2). Argumentum A Contrario (A Contraria)


Metode tersebut dalam mencari hukumnya bagi peristiwa khusus, dimana hukumnya tidak
ada, maka dicari adalah peraturan lain yang mengatur peristiwa khusus konkrit yang mirip, tetapi
terdapat perbedaan. Yang paling menonjol dalam metode ini adalah perbedaannya.

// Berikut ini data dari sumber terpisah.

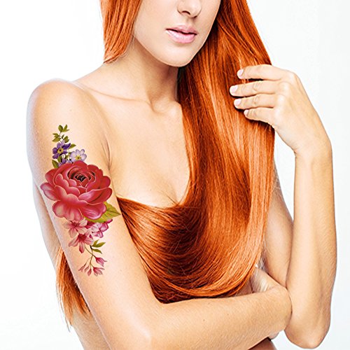 TAFLY Red Peony Flower Body Art Temporary Tattoo Transfer Sticker 5 Sheets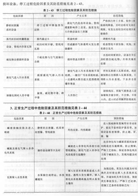 裝置停工程序:降進(jìn)料量一切斷進(jìn)料一退物料一退催化劑、堿液一設(shè)備、管線吹掃一設(shè)備水洗在停工過程中,容易產(chǎn)生危險因素主要是:降溫速度過快造成設(shè)備凍壞,硫化物自燃損壞設(shè)備。停工過程危險因素及其防范措施見表2—43。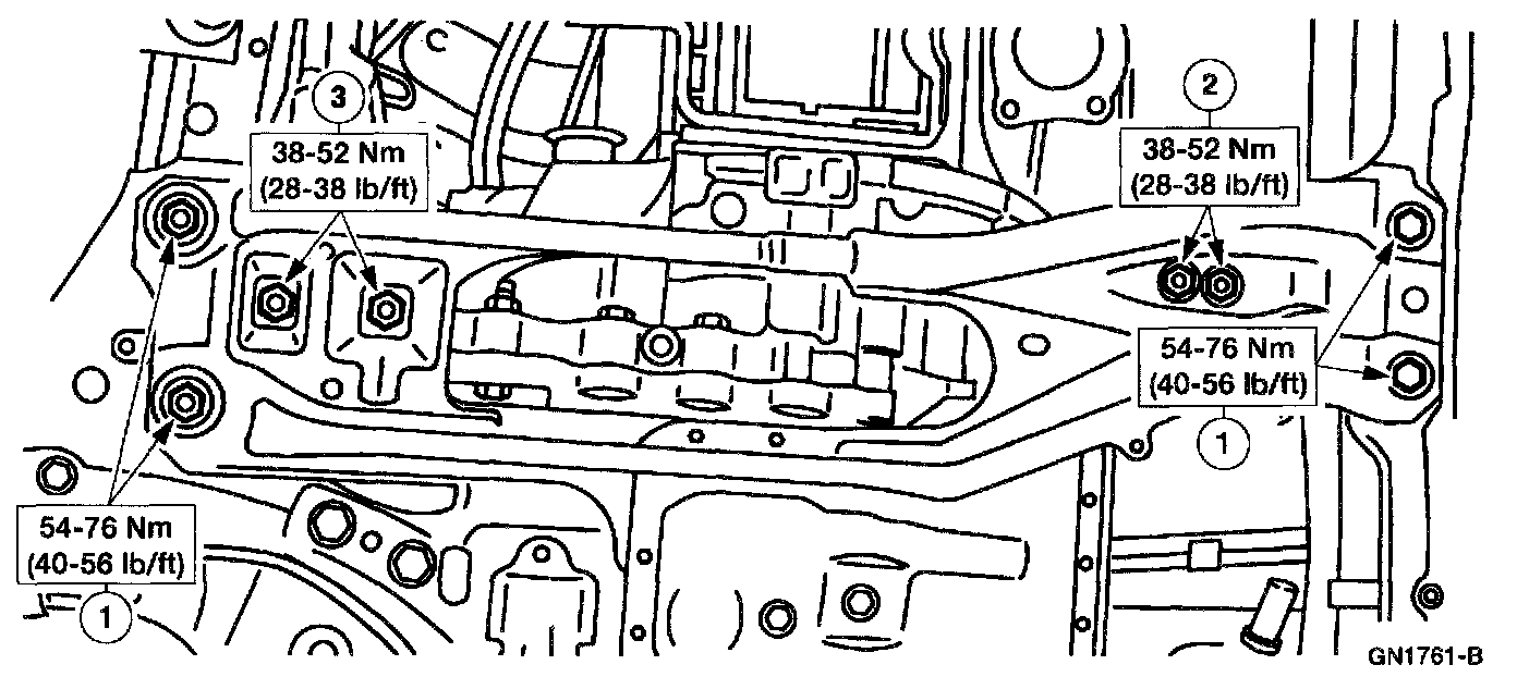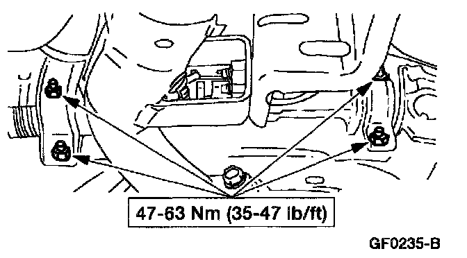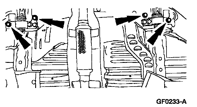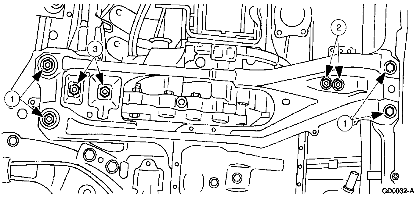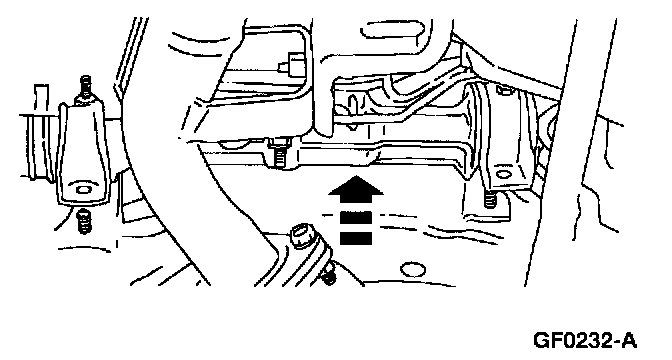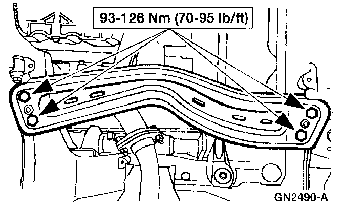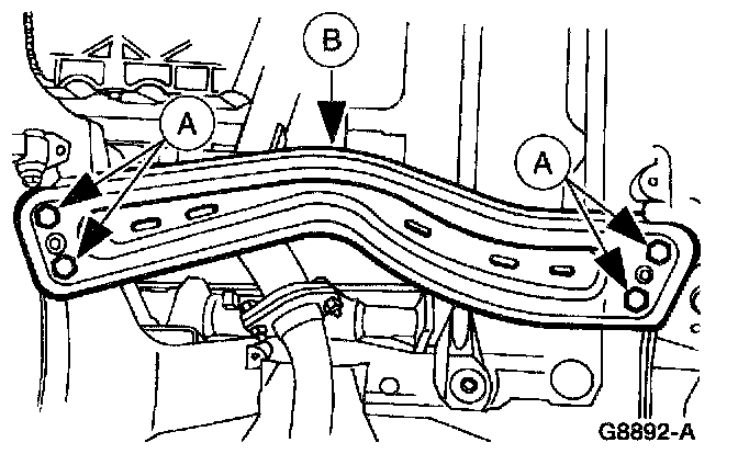 7. NOTE: If equipped, detach the A/C line located on the front of the transmission support crossmember.

Contoh berbicara mengenai janda dan duda, dimana hanya janda yang diberikan batasan dalam
hal perkawinan setelah bercerai. Sementara bagi seorang duda yang ingin kawin lagi setelah
bercerai tidak ada aturan yang mengatur tentang batasan-batasan yang diberikan.

c. Penyempitan Hukum
Penyempitan Hukum terjadi apabila peraturan yang dijadikan sebagai dasar ruang
lingkupnya terlau umum atau luas, maka perlu dipersempit untuk duterapkan terhadap suatu
peristiwa tertentu.

Dalam penyempitan hukum dibentuklah pengecualian-pengecualian atau penyimpangan-


penyimpangan baru dari peraturan-peraturan yang bersifat umum. Disini peraturan yang sifatnya
umum diterapkan terhadap peristiwa atau hubungan hukum yang khusus dengan penjelasan atau
konstruksi dengan memberi ciri-ciri. Contohnya adalah ditinjau dari pasal 1365 KUHperdata.